The Exchanger will have separate identification periods for each property relinquished – the thing to watch out for –  is: settlement must take place to  bundle  all relinquished properties into one within the first released property’s 180 day Exchange Period.

These time limits are set in stone. After 9/11 was the only time that interested exchangers saw an exception. The Treasury, acting on its own, granted an extension period reflective of the inability to conduct normal everyday business. Subsequently, Treasury has granted similar extensions for hurricanes and other natural disasters, but other than that, a successful exchange must be done within the time constraints, with no other exceptions.

Like Kind Property

1031 exchange property options

In a tax deferred exchange you can exchange real property for any other real property in the United States or its possessions, if the property is held for investment purposes (you cannot 1031 exchange real property determined to be "dealer" property). With Rev. Proc 2005-14 your primary residence (IRC Section 121) can have IRC Section 1031 applied to its sale.

Deferral Of The Entire Capital Gains Tax

To obtain a deferral, the Exchanger must:

  •  Purchase replacement property that is equal to or greater in value than the relinquished property.
  • Invest all of the net proceeds from the relinquished property.
  • Obtain equal or greater financing on the replacement property than was paid off on the relinquished property. Exception: replacement property debt can always be offset with cash added to the exchange.
  • Receive only like-kind property.

Working With a Qualified Intermediary (QI)

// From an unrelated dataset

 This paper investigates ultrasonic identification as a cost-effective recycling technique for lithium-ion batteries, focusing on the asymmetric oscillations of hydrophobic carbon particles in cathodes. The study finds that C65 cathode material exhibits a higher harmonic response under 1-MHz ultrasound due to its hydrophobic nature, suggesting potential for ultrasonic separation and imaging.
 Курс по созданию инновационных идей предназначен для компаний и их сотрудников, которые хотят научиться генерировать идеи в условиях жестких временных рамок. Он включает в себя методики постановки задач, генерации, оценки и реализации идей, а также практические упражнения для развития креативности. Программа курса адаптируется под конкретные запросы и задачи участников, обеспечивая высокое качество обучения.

 The Qualified Intermediary industry is not regulated. Anyone can call himself or herself a QI. The Final Treasury Regulations of 1991 streamlined the exchange process and defined the role of the Qualified Intermediary.

A Qualified Intermediary:

  • Confers with you and your support staff so that 1031 rules and regulations are thoroughly understood.
  • Prepares the necessary documentation and oversees each closing to assist in maintaining proper 1031 procedures.
  • Provides guidelines and knowledge, and vigilantly observes the critical time limits throughout the entire exchange process.

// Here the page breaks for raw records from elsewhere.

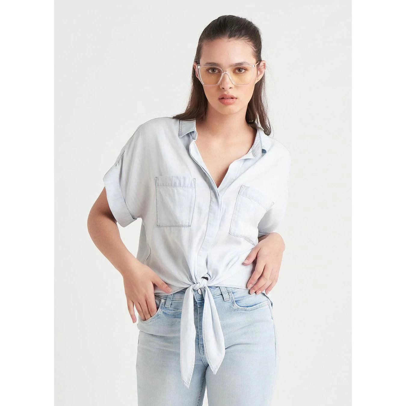 Be the first to review “Black Tape Short Sleeve Tie Front Tencel Blouse” Cancel reply
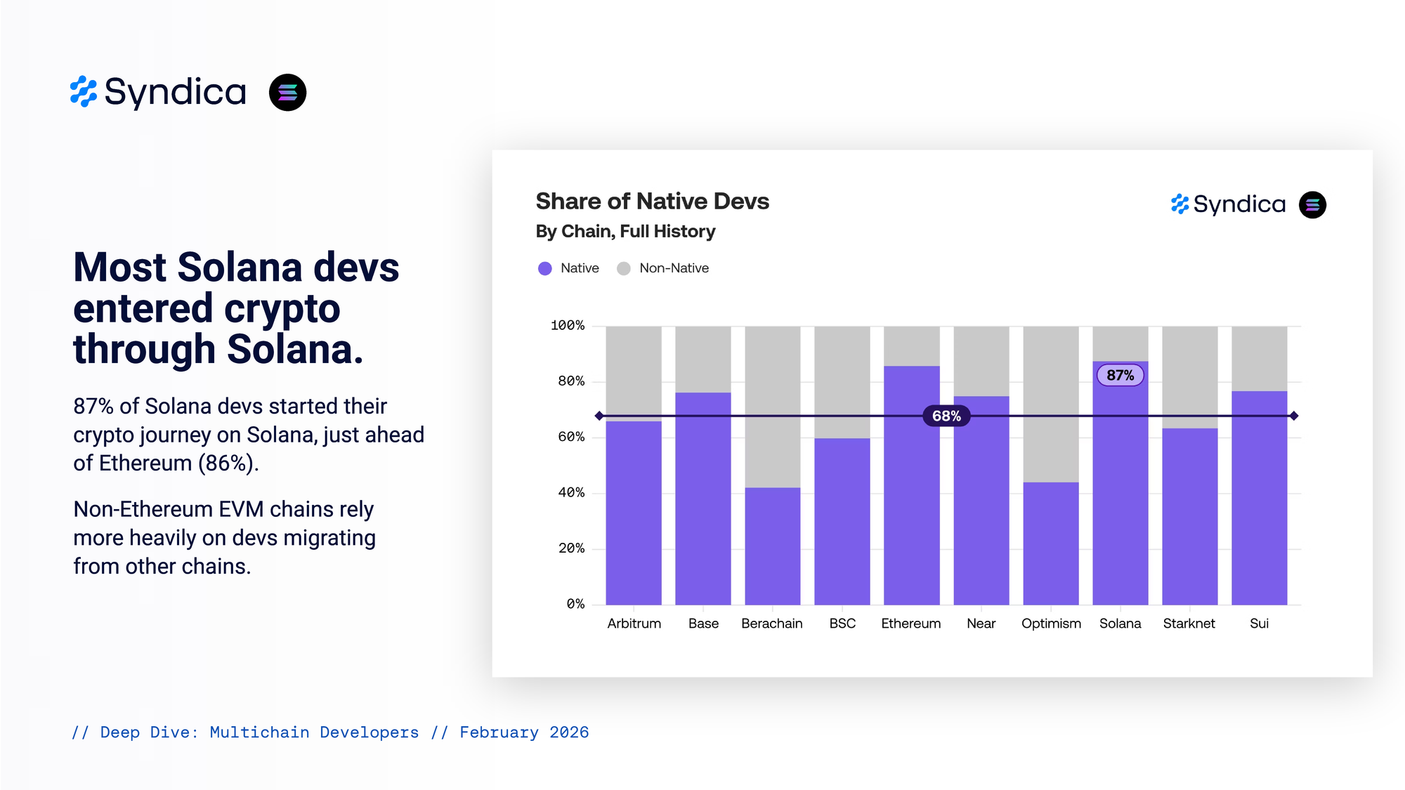 87% of Solana devs started their crypto journey on Solana, just ahead of Ethereum (86%). Non-Ethereum EVM chains rely more heavily on devs migrating from other chains.
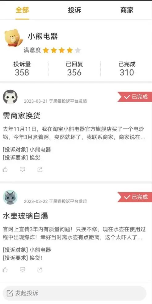 截止2023年4月21日中午20时,浏览黑猫投诉平台,“小熊电器”相关投诉累计有358条,主要集中在产品质量、虚假发货等投诉。
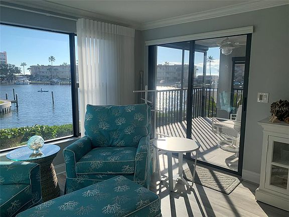 Gorgeous waterfront condo at The Moorings! You will love the view and the comforts of this well decorated condo in a coastal theme with a stunning view of Blind Pass Intercoastal and a partial view of the Gulf of Mexico just beyond. This community consists of just 17 condos and is on the quieter southern end of Siesta Key. Enjoy your private boat slip or just fish off the dock. Primary bedroom has customized storage and closet area and features a king-sized bed. Beautiful ensuite bathroom is remodeled and updated, as is the guest bath. This space also opens up to the screened in 12 x 10 balcony overlooking the water where there are usually kayakers and paddleboarders. The second bedroom has a queen and a twin bed. You will love the kitchen and eating your meals from bar area where you can view out your large living room window with electric shades. For your convenience, The Siesta Key Trolley, which is a constant running free "hop on" and "hop off" way to get to other areas on the Key, that stops right in from on Midnight Pass Rd. Repeat guest cannot return and this beautiful vacation property just opened up.

A seller should contract with a QI/Company that is bonded and whose sole business is exchanges.

 

Sales Contracts

  • Exchange Contract Cooperation Clause
    The exchanger should have an exchange cooperation clause in the purchase and sale agreement for both the relinquished and replacement properties.
  • Relinquished Property
    Buyer hereby acknowledges that Seller intends to complete a tax deferred exchange under IRC Section 1031, provided that the exchange will not delay the closing hereunder or cause additional expense to the Buyer. The Seller’s rights under the purchase and sale agreement may be assigned to a Qualified Intermediary selected by the Seller for the purpose of completing the exchange. Buyer agrees to cooperate with Seller and the Qualified Intermediary selected by Seller (in the manner described in this paragraph) to complete the exchange.
  • Replacement Property
    Seller is aware that Buyer intends to perform an IRC 1031 tax deferred exchange. Buyer requests Seller’s cooperation in such an exchange and agrees to hold Seller harmless from any and all claims, costs, liabilities, or delays in time resulting from such an exchange. Seller agrees to the assignment of this contract by the Buyer.